I have been assigned a control systems problem, where I am supposed to stabilize a system using a controller technique from the frequency domain. When I implemented the system on Matlab and calculated the phase margin of the system it turned out to be infinite. I am not exactly sure what that means.
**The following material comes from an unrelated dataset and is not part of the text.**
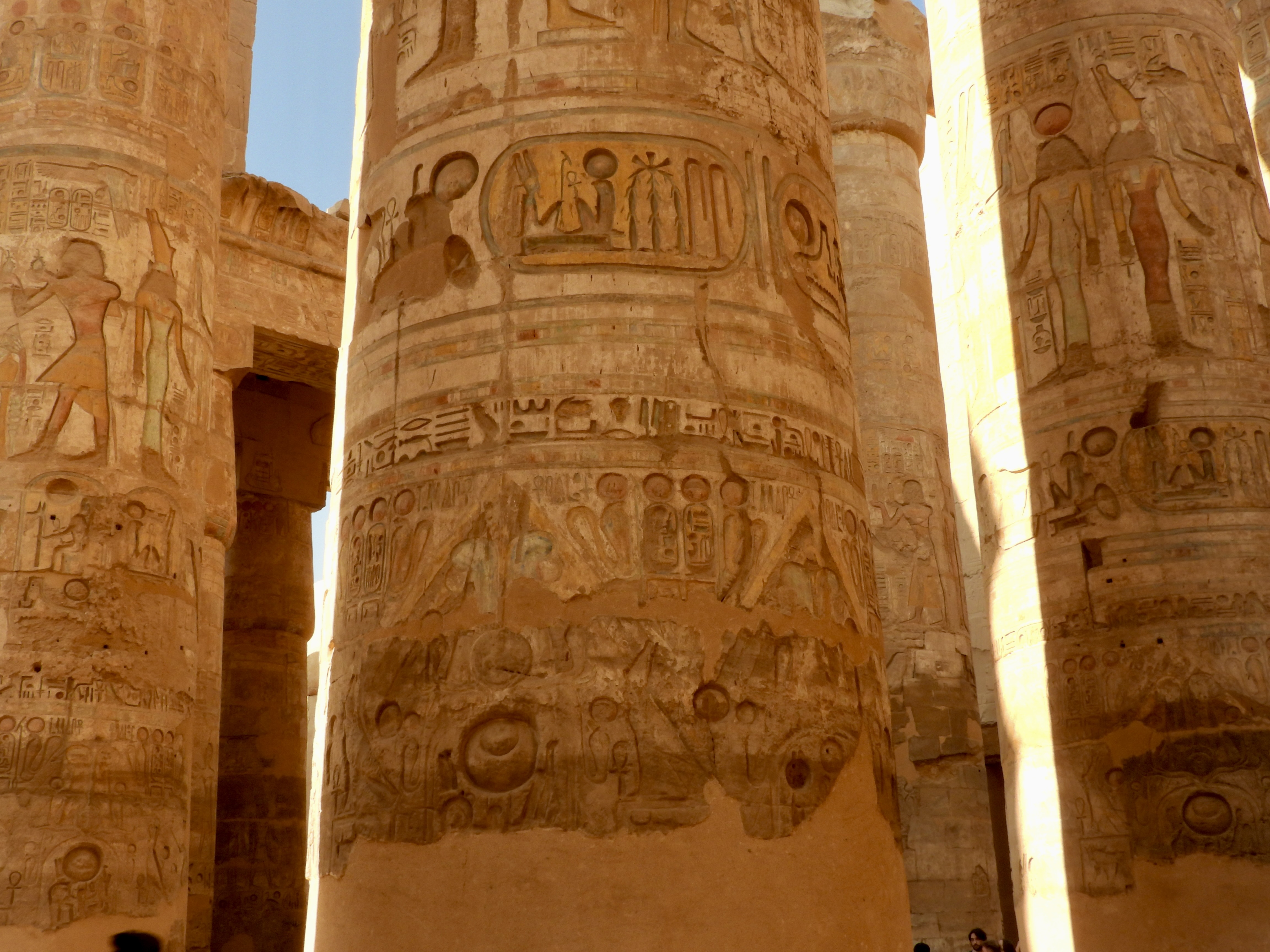 Shortly after entering the temple proper, you reach the Hall of Columns, a densely packed array of 134 ornately decorated pillars, many of which retain their original colors.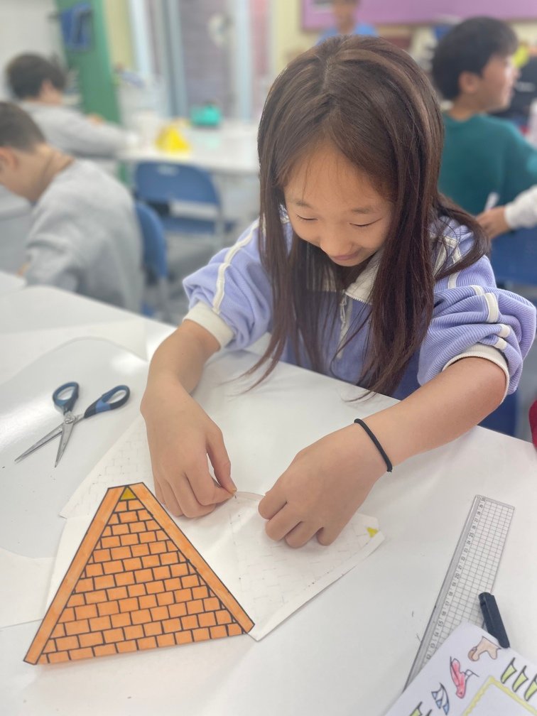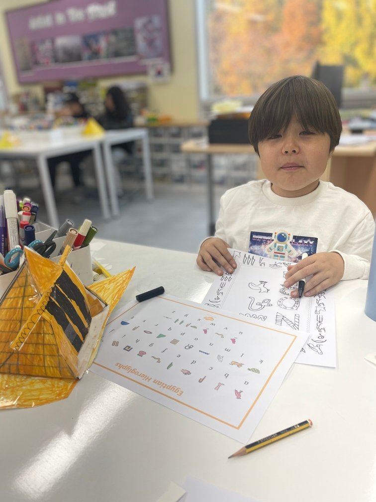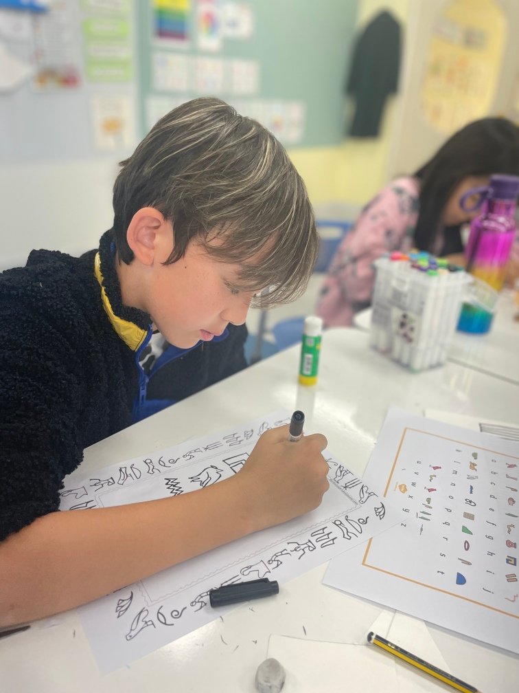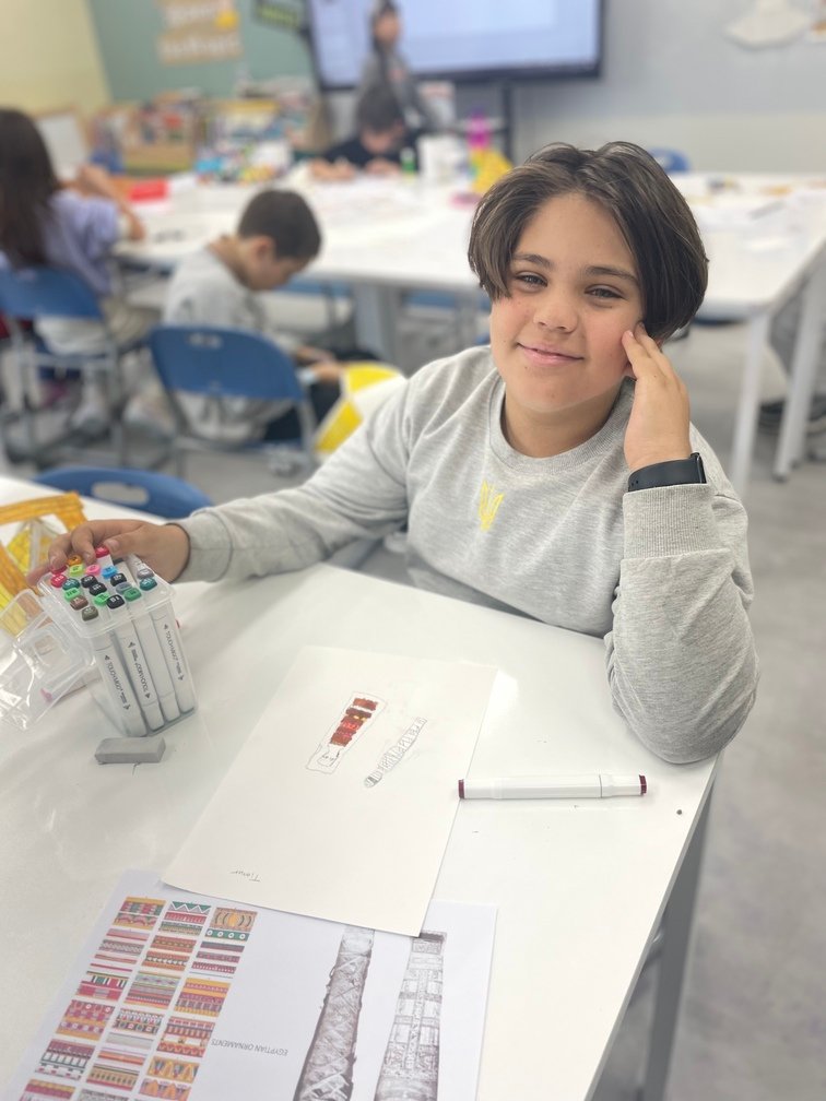 We also discovered fascinating Egyptian ornament patterns on the mummy cases and used them as inspiration to create our own designs. It was a fun and engaging way to dive deeper into the art and culture of Ancient Egypt!

Can someone tell me what exactly does it mean that the phase margin comes out infinite, and how can such a system be stabilised?

This is my code:

clc
clear all
close all
num=[1];
den=[1 0 -9];
sys=tf(num,den);
bode(sys);
[Gm,Pm,wcp,wcg]=margin(num,den)


• What is the step response of the open loop system? Is the open loop system unstable? Does it have right hand plane poles? If yes, you have to use the full Nyquist criterion. Don't just look at the phase margin. It is misleading. – AJN Dec 31 '20 at 1:21

Your system $$\\frac{1}{s^2 - 9}\$$ has gain less than 0 dB at all frequencies. The bode plot you have plotted shows that clearly. Since the gain doesn't cross 0 dB anywhere, the phase margin is not well defined.
Apart from the above, this system is open loop unstable. The open loop system sys has a pole at $$\s = +3\$$. For systems which are open loop unstable like this system, use the full Nyquist criterion (counting the encirclements) to determine stability.